Midwest Memo: Wednesday, May 18, 2011

Sears once seemed synonymous with downtown Chicago.

But the landmark skyscraper once called the Sears Tower name officially changed its name in 2009. Now, Sears may disappear from Illinois entirely. A tax-incentive agreement with the state expires next year, and parent company Sears Holding Corp. is exploring the possibility of relocation.

“We do owe it to our associates and shareholders to consider options and alternatives and intend to be very thoughtful and thorough in our deliberations,” spokesperson Kimberly Freely told the Akron Beacon Journal. Changing Gears reporter Niala Boodhoo examined the future of Sears in March.

Sears has been around since 1893. (Niala Boodhoo)

Today, multiple reports indicate Ohio may in contention to land the company and its 6,000 jobs. That’s a problem, according to Midwest economic expert Richard C. Longworth, who lamented the inter-state poaching of cornerstone businesses yesterday on Urbanophile.

“It would seem impossible for Midwestern states to get any sillier and more irrelevant, but they’re trying,” he writes. He says states should find competitors overseas, not among each other.

In a related note, our partner Michigan Radio reported today Ford will create 300 new jobs … in India.
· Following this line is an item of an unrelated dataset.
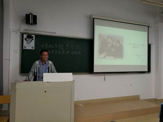 会上,小组成员代表一一上台谈了自己的理解和认识。第一小组王俊曼发言说:“《共产党宣言》发表的这160多年中,世界在各个方面都发生了翻天覆地的变化。现在我们还是处在社会主义初级阶段,我们仍要毫不动摇的坚持运用《共产党宣言》的理论,努力去把我国的社会主义建设推向一个崭新的阶段,向着共产主义前进!”第四小组彭学森引用邓小平同志在1992年南巡谈话:“我坚信,世界上赞成马克思主义的人会多起来的,因为马克思主义是科学。它运用历史唯物主义揭示了人类社会发展的规律。封建社会代替奴隶社会,资本主义代替封建主义,社会主义经历一个长过程后必然代替资本主义。这是社会历史发展不可逆转的总趋势,但道路是曲折的。我们对未来充满信心。”
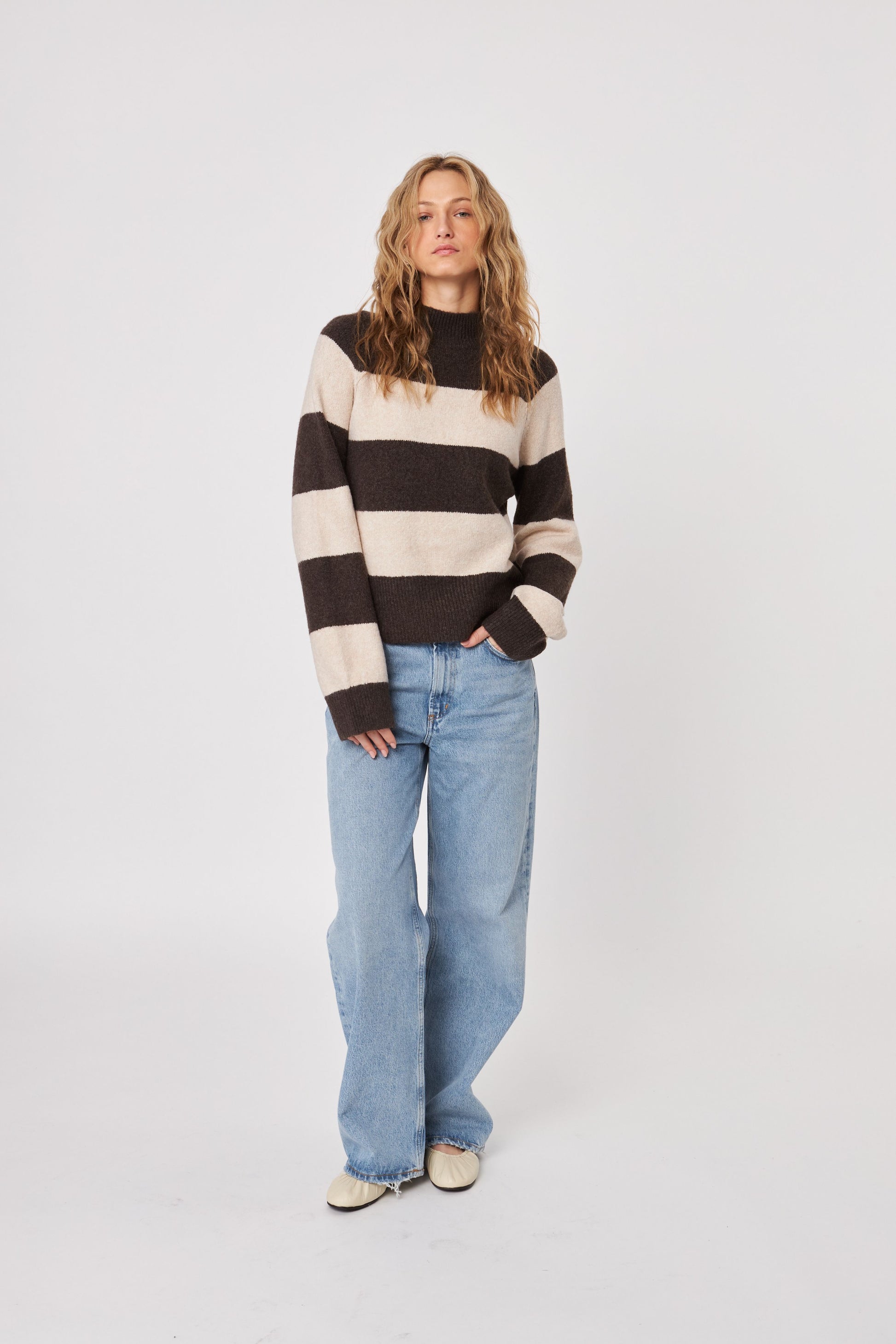 Designed with oversized horizontal stripes in rich chocolate brown and soft beige, this relaxed-fit sweater features a high mock neckline and ribbed finishes for a structured yet slouchy silhouette. A standout layer for transitional days.

Elsewhere across the Midwest:

The Detroit Food Policy Council is holding its first conference this week, and a writer for The New York Times believes that local food movements and urban gardens can be a central part of self-reliance and growth in the Motor City. Likewise, a food cooperative in the Mahoning Valley is strengthening the relationship between local growers and restaurants.

Our partner WBEZ.org in Chicago reports today the Illinois Supreme Court could soon decide the fate of $31 billion earmarked for infrastructure construction. A lawsuit contends the way the bill is funded violates the state’s constitution.

Photo courtesy of Ohio Public Radio.

A poll conducted by Quinnipiac University reveals a majority of Ohio residents want to see SB5 repealed, according to Ideastream. Respondents said they oppose the law’s provisions barring strikes and preventing health-care negotiations, but they support other parts of the bill. Here is some background about SB5.


Under Gov. Rick Snyder, the Michigan Economic Development Corp. will stop touting ‘indirect’ job-creation numbers, according to the Kalamazoo Gazette.